● **WORK ITEM**
Give again only the lines from the line that holds "Green Jacquard Kurta" to the end of the data, inclusive, omitting all pictures.

● **DATASET EXCERPT**
##########
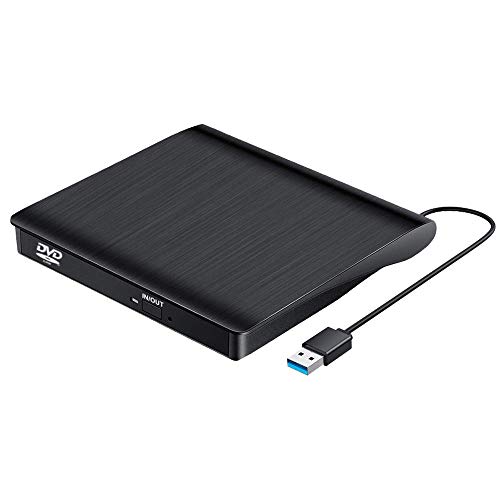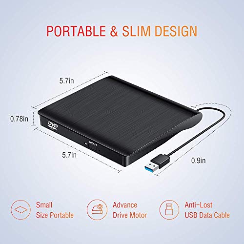Roboraty - محرك اقراص CD خارجي، USB 3.0 محمول CD/DVD +/-RW محرك نحيف للغاية DVD/CD روم، اعادة كتابة اقراص DVD البصرية للكمبيوتر المكتبي واللاب توب والماك بوك برو، لويندوز 10/8/XP، لينكس او اس (اسود)
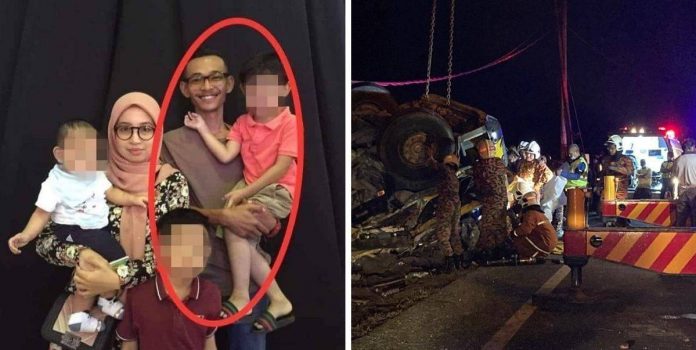 Dalam satu kejadian malam tadi di KM 10, Jalan Lama Kota Bharu, Gopeng, treler yang dipandu arwah suaminya, Hafize Nizam Ali Supian, 30 yang dalam perjalanan dari Gopeng menuju ke Langkap dekat Teluk Intan terbabas sehingga mengakibatkan arwah dan dua anak lelakinya yang mengikut bapa mereka bekerja, Muhammad Afeef Rafiqie, sembilan tahun serta Arrian Nuh Nizam enam tahun turut menemui ajal di sisi sang bapa.
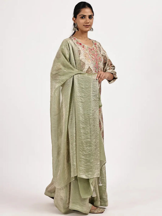 Green Jacquard Kurta Sharara Set with Premium Dupatta
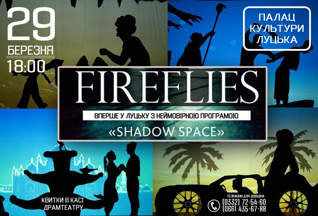Театр тіней «Fireflies» з неймовірним шоу завітає до Луцька 29 березня. Виступ відбудеться в Палаці культури міста Луцька. Початок - о 18:00.
##########
● **EXERCISE ANSWER**
 Green Jacquard Kurta Sharara Set with Premium Dupatta
Театр тіней «Fireflies» з неймовірним шоу завітає до Луцька 29 березня. Виступ відбудеться в Палаці культури міста Луцька. Початок - о 18:00.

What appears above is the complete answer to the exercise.